# GSD ear positions for communication



## bboylayz (Sep 7, 2010)

I know that dogs use their ears as a means of communication. But what I read online about different positions doesn't seem accurate. I can understand ears erect and forward as very alert and attentive/curious? But ears laid back, especially on a GSD doesn't seem to match up to what I keep reading online. For example, one site says: "when it's ears are backwards or straightened out it indicates that the dog is insecure;"

However, I tend to see GSD's ears go back as an inviting sign. Maybe the dog really is insecure afterall but it doesn't seem that way. GSDs that don't know me would walk up to me to get petted and what not and their ears would go down. I would think that if the dog was insecure, he or she wouldn't come over to me at all. And here is a picture I took of my breeder scratching her dog's neck. He was enjoying it for quite some time and the entire time his ears were back. 
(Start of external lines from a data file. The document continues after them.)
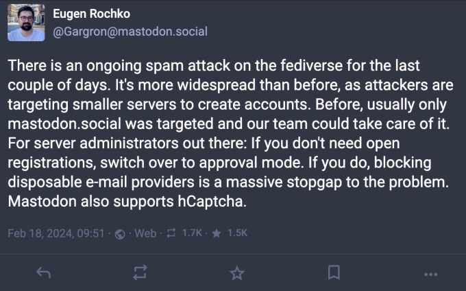 A spam attack that impacted the open source X rival Mastodon, Misskey and other apps highlights how the decentralized social web, also known as the fediverse, is open to abuse. Over the past several days, attackers have targeted smaller Mastodon servers, taking advantage of open registrations to automate the creation of spam accounts. Mastodon founder and CEO Eugen Rochko confirmed the attack in a post over the weekend, adding that Mastodon server administrators should switch over registration to approval mode and block disposal email providers to help combat the problem.
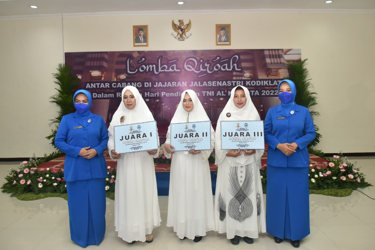 Dalam rangka memperingati Hari Pendidikan TNI AL (Hardikal) Ke-76 tahun 2022, Jalasenastri Komando Pembinaan Doktrin, Pendidikan dan Latihan TNI AL (Kodiklatal) menyelenggarakan kegiatan Lomba Qiro’ah antar cabang di jajaran Jalasenastri Kodiklatal di Gedung Betelgeuse, Pusdiklapa, Kodiklatal, Bumimoro, Surabaya, Selasa (19/04).
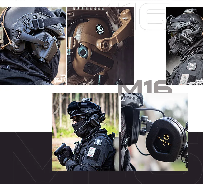 EARMOR M16 Series ARC casco soporte de pista auriculares tácticos con tapa trasera con reducción de ruido
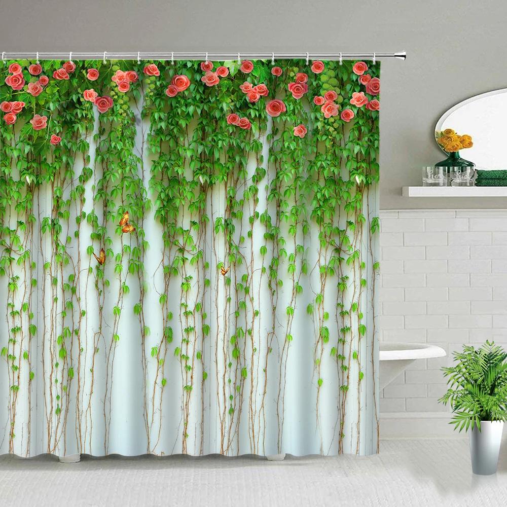 Garden Background Wall Flower Plant Scenery Shower Curtains Modern Chinese Style Dandelion Floral Green Leaf Bathroom Screen
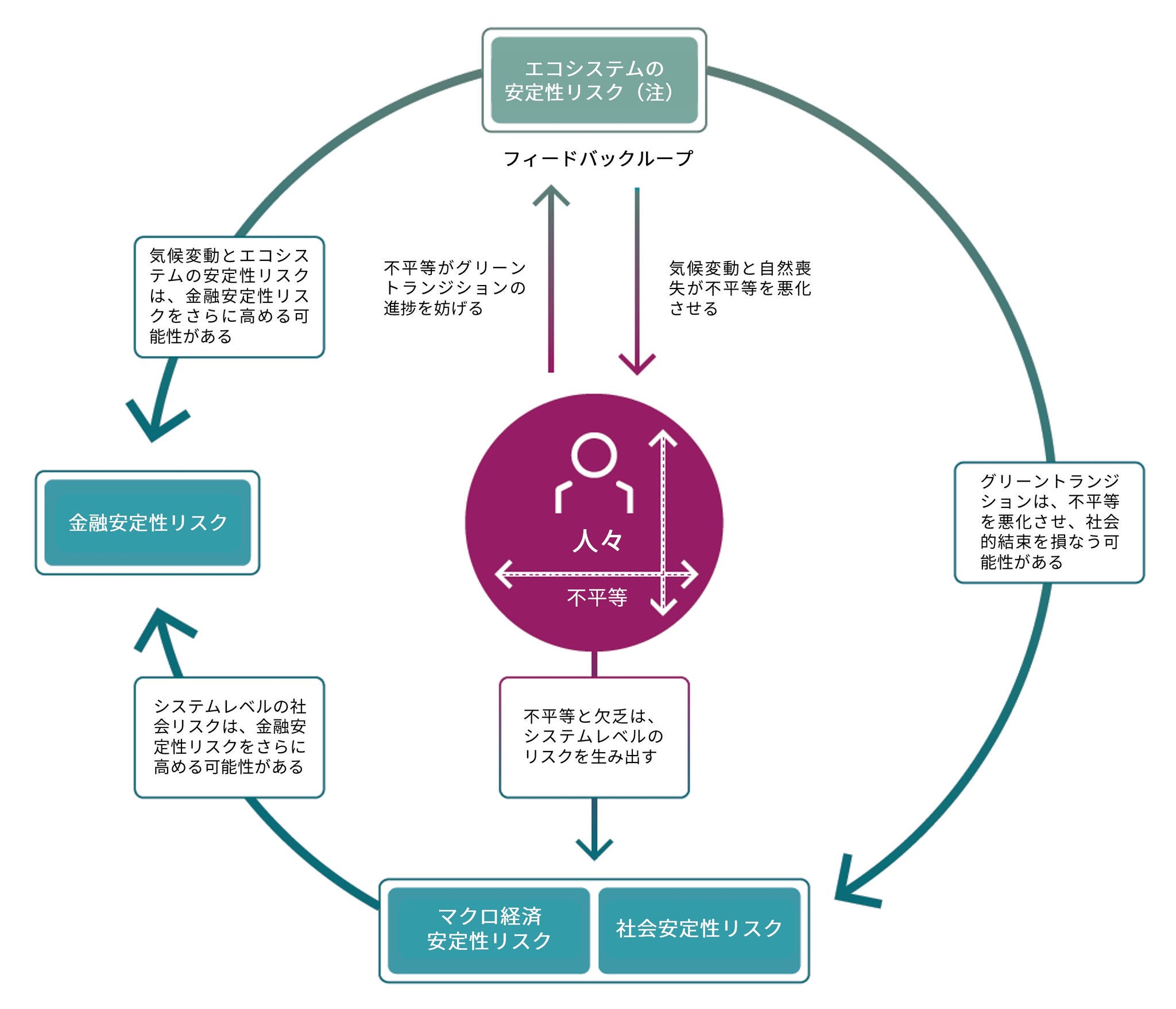 | 金融安定性リスク | 不平等が直接的に金融システムの脆弱性に寄与し、その安定性やレジリエンスを脅かす可能性のあるリスク |

So what are your opinions on what different GSD ear positions mean? Give some examples of what your dogs do! And everyone loves pictures so post those up as well.


----------



## Chicagocanine (Aug 7, 2008)

It depends on the dog and the rest of the body language. Ears back is not necessarily fearful. Some Shepherds tend to put their ears back more when they're relaxed than others do. In some cases the ears back may mean the dog just may be unsure of you, or submissive, or worried.


----------



## King&Skylar (Jun 3, 2010)

Skylar has always put her ears back and wagged her tail big time when I come home to her, definetly not in a fearful way! She does put them back fearfaully in other situations, but its easy to tell the difference by whats going on around her/ the rest of her body language.


----------



## Milea (Jul 21, 2010)

My Tazor now 11 months old, never lays his ears back unless I am scratching his back.....he loves it. Any other time they are straight up.


----------



## brembo (Jun 30, 2009)

The ears go back when meeting new folks to signify a "I'm being slightly submissive as to make sure this meeting goes smoothly" posture. When the ears go down with someone the dog knows it's a posture that means the dog is comfortable and not really interested in sorting out a dominance/submissive situation. At least that's how I read it.


----------



## bboylayz (Sep 7, 2010)

brembo said:


> The ears go back when meeting new folks to signify a "I'm being slightly submissive as to make sure this meeting goes smoothly" posture. When the ears go down with someone the dog knows it's a posture that means the dog is comfortable and not really interested in sorting out a dominance/submissive situation. At least that's how I read it.


In my experience, thats how I see it as well for the most part. I can see what everyone else is saying though, if the ears are back and the dog is straying away, it is clear that the dog is afraid. The ears compliment the rest of the body language.


----------